Task directions :: All of the data beneath this instruction is to be transcribed word for word.
Start of Block
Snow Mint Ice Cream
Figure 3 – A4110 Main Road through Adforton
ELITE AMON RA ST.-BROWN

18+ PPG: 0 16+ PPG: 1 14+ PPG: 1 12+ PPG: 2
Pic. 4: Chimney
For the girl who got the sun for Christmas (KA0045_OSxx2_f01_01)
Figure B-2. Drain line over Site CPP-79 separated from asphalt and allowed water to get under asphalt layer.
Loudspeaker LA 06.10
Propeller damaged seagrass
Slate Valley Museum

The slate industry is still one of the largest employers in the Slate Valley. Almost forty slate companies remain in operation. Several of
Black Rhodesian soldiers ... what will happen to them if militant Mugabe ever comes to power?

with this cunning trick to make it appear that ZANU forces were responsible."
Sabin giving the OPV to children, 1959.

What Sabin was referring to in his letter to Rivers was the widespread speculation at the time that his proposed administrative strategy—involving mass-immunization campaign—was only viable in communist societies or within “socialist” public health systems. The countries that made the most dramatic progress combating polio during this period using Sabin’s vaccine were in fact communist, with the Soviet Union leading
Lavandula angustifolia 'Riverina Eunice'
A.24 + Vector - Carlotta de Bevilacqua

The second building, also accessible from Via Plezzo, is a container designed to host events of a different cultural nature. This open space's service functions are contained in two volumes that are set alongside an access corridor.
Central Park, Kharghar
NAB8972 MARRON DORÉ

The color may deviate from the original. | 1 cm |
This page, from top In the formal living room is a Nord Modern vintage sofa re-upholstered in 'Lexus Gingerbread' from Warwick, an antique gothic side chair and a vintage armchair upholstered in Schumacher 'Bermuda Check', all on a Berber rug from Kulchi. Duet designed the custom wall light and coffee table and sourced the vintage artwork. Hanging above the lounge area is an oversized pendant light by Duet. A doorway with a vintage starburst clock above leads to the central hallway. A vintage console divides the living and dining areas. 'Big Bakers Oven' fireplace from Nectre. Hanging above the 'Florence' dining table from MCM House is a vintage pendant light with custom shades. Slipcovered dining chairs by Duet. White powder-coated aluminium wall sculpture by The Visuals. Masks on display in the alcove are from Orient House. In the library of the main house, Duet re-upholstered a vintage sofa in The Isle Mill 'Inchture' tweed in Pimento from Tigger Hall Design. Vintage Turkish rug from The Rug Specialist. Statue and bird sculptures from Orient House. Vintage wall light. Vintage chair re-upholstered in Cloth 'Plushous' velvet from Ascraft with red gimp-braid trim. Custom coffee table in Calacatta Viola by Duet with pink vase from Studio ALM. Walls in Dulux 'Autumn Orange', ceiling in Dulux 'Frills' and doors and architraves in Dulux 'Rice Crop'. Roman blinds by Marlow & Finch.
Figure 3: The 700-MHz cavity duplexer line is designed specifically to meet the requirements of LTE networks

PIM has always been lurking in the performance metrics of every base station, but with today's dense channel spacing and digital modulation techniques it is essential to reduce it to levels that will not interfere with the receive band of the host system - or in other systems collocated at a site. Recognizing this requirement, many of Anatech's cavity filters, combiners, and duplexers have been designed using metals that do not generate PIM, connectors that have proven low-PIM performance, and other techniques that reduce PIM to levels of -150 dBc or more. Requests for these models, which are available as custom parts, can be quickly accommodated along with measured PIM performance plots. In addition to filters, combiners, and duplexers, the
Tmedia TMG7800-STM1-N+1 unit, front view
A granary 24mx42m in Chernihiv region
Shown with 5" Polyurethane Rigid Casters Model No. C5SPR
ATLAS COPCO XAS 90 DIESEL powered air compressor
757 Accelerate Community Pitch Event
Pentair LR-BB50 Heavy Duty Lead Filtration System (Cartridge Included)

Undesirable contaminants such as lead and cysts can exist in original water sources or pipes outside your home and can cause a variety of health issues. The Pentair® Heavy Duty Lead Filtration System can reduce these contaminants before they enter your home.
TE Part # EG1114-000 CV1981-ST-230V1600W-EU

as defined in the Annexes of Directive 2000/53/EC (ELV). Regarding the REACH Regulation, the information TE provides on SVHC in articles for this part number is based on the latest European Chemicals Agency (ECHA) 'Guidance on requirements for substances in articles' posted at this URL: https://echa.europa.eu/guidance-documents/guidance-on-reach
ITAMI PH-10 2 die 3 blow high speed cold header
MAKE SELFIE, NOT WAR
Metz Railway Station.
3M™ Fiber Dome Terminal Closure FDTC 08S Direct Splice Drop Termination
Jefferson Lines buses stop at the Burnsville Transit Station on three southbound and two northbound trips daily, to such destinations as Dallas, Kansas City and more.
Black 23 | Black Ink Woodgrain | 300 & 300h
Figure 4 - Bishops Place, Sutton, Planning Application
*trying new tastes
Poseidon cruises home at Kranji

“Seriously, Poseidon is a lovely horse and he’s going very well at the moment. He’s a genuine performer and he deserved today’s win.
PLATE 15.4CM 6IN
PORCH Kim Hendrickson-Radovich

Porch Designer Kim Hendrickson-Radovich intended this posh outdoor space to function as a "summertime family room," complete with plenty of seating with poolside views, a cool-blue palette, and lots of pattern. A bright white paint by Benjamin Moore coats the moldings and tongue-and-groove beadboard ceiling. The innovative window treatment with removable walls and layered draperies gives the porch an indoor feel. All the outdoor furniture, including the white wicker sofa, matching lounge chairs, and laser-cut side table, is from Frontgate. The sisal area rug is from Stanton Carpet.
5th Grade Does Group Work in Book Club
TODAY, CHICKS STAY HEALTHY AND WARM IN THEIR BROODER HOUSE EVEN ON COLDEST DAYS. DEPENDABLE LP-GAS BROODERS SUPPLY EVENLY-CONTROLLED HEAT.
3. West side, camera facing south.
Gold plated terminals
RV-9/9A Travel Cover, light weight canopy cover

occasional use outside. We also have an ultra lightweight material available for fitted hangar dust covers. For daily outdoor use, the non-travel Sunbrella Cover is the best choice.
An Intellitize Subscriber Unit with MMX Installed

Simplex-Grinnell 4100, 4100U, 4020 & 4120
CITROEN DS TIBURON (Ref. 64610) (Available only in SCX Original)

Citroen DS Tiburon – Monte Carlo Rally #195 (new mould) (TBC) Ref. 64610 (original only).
End of Block
Response to this exercise ::
Snow Mint Ice Cream
Figure 3 – A4110 Main Road through Adforton
ELITE AMON RA ST.-BROWN

18+ PPG: 0 16+ PPG: 1 14+ PPG: 1 12+ PPG: 2
Pic. 4: Chimney
For the girl who got the sun for Christmas (KA0045_OSxx2_f01_01)
Figure B-2. Drain line over Site CPP-79 separated from asphalt and allowed water to get under asphalt layer.
Loudspeaker LA 06.10
Propeller damaged seagrass
Slate Valley Museum

The slate industry is still one of the largest employers in the Slate Valley. Almost forty slate companies remain in operation. Several of
Black Rhodesian soldiers ... what will happen to them if militant Mugabe ever comes to power?

with this cunning trick to make it appear that ZANU forces were responsible."
Sabin giving the OPV to children, 1959.

What Sabin was referring to in his letter to Rivers was the widespread speculation at the time that his proposed administrative strategy—involving mass-immunization campaign—was only viable in communist societies or within “socialist” public health systems. The countries that made the most dramatic progress combating polio during this period using Sabin’s vaccine were in fact communist, with the Soviet Union leading
Lavandula angustifolia 'Riverina Eunice'
A.24 + Vector - Carlotta de Bevilacqua

The second building, also accessible from Via Plezzo, is a container designed to host events of a different cultural nature. This open space's service functions are contained in two volumes that are set alongside an access corridor.
Central Park, Kharghar
NAB8972 MARRON DORÉ

The color may deviate from the original. | 1 cm |
This page, from top In the formal living room is a Nord Modern vintage sofa re-upholstered in 'Lexus Gingerbread' from Warwick, an antique gothic side chair and a vintage armchair upholstered in Schumacher 'Bermuda Check', all on a Berber rug from Kulchi. Duet designed the custom wall light and coffee table and sourced the vintage artwork. Hanging above the lounge area is an oversized pendant light by Duet. A doorway with a vintage starburst clock above leads to the central hallway. A vintage console divides the living and dining areas. 'Big Bakers Oven' fireplace from Nectre. Hanging above the 'Florence' dining table from MCM House is a vintage pendant light with custom shades. Slipcovered dining chairs by Duet. White powder-coated aluminium wall sculpture by The Visuals. Masks on display in the alcove are from Orient House. In the library of the main house, Duet re-upholstered a vintage sofa in The Isle Mill 'Inchture' tweed in Pimento from Tigger Hall Design. Vintage Turkish rug from The Rug Specialist. Statue and bird sculptures from Orient House. Vintage wall light. Vintage chair re-upholstered in Cloth 'Plushous' velvet from Ascraft with red gimp-braid trim. Custom coffee table in Calacatta Viola by Duet with pink vase from Studio ALM. Walls in Dulux 'Autumn Orange', ceiling in Dulux 'Frills' and doors and architraves in Dulux 'Rice Crop'. Roman blinds by Marlow & Finch.
Figure 3: The 700-MHz cavity duplexer line is designed specifically to meet the requirements of LTE networks

PIM has always been lurking in the performance metrics of every base station, but with today's dense channel spacing and digital modulation techniques it is essential to reduce it to levels that will not interfere with the receive band of the host system - or in other systems collocated at a site. Recognizing this requirement, many of Anatech's cavity filters, combiners, and duplexers have been designed using metals that do not generate PIM, connectors that have proven low-PIM performance, and other techniques that reduce PIM to levels of -150 dBc or more. Requests for these models, which are available as custom parts, can be quickly accommodated along with measured PIM performance plots. In addition to filters, combiners, and duplexers, the
Tmedia TMG7800-STM1-N+1 unit, front view
A granary 24mx42m in Chernihiv region
Shown with 5" Polyurethane Rigid Casters Model No. C5SPR
ATLAS COPCO XAS 90 DIESEL powered air compressor
757 Accelerate Community Pitch Event
Pentair LR-BB50 Heavy Duty Lead Filtration System (Cartridge Included)

Undesirable contaminants such as lead and cysts can exist in original water sources or pipes outside your home and can cause a variety of health issues. The Pentair® Heavy Duty Lead Filtration System can reduce these contaminants before they enter your home.
TE Part # EG1114-000 CV1981-ST-230V1600W-EU

as defined in the Annexes of Directive 2000/53/EC (ELV). Regarding the REACH Regulation, the information TE provides on SVHC in articles for this part number is based on the latest European Chemicals Agency (ECHA) 'Guidance on requirements for substances in articles' posted at this URL: https://echa.europa.eu/guidance-documents/guidance-on-reach
ITAMI PH-10 2 die 3 blow high speed cold header
MAKE SELFIE, NOT WAR
Metz Railway Station.
3M™ Fiber Dome Terminal Closure FDTC 08S Direct Splice Drop Termination
Jefferson Lines buses stop at the Burnsville Transit Station on three southbound and two northbound trips daily, to such destinations as Dallas, Kansas City and more.
Black 23 | Black Ink Woodgrain | 300 & 300h
Figure 4 - Bishops Place, Sutton, Planning Application
*trying new tastes
Poseidon cruises home at Kranji

“Seriously, Poseidon is a lovely horse and he’s going very well at the moment. He’s a genuine performer and he deserved today’s win.
PLATE 15.4CM 6IN
PORCH Kim Hendrickson-Radovich

Porch Designer Kim Hendrickson-Radovich intended this posh outdoor space to function as a "summertime family room," complete with plenty of seating with poolside views, a cool-blue palette, and lots of pattern. A bright white paint by Benjamin Moore coats the moldings and tongue-and-groove beadboard ceiling. The innovative window treatment with removable walls and layered draperies gives the porch an indoor feel. All the outdoor furniture, including the white wicker sofa, matching lounge chairs, and laser-cut side table, is from Frontgate. The sisal area rug is from Stanton Carpet.
5th Grade Does Group Work in Book Club
TODAY, CHICKS STAY HEALTHY AND WARM IN THEIR BROODER HOUSE EVEN ON COLDEST DAYS. DEPENDABLE LP-GAS BROODERS SUPPLY EVENLY-CONTROLLED HEAT.
3. West side, camera facing south.
Gold plated terminals
RV-9/9A Travel Cover, light weight canopy cover

occasional use outside. We also have an ultra lightweight material available for fitted hangar dust covers. For daily outdoor use, the non-travel Sunbrella Cover is the best choice.
An Intellitize Subscriber Unit with MMX Installed

Simplex-Grinnell 4100, 4100U, 4020 & 4120
CITROEN DS TIBURON (Ref. 64610) (Available only in SCX Original)

Citroen DS Tiburon – Monte Carlo Rally #195 (new mould) (TBC) Ref. 64610 (original only).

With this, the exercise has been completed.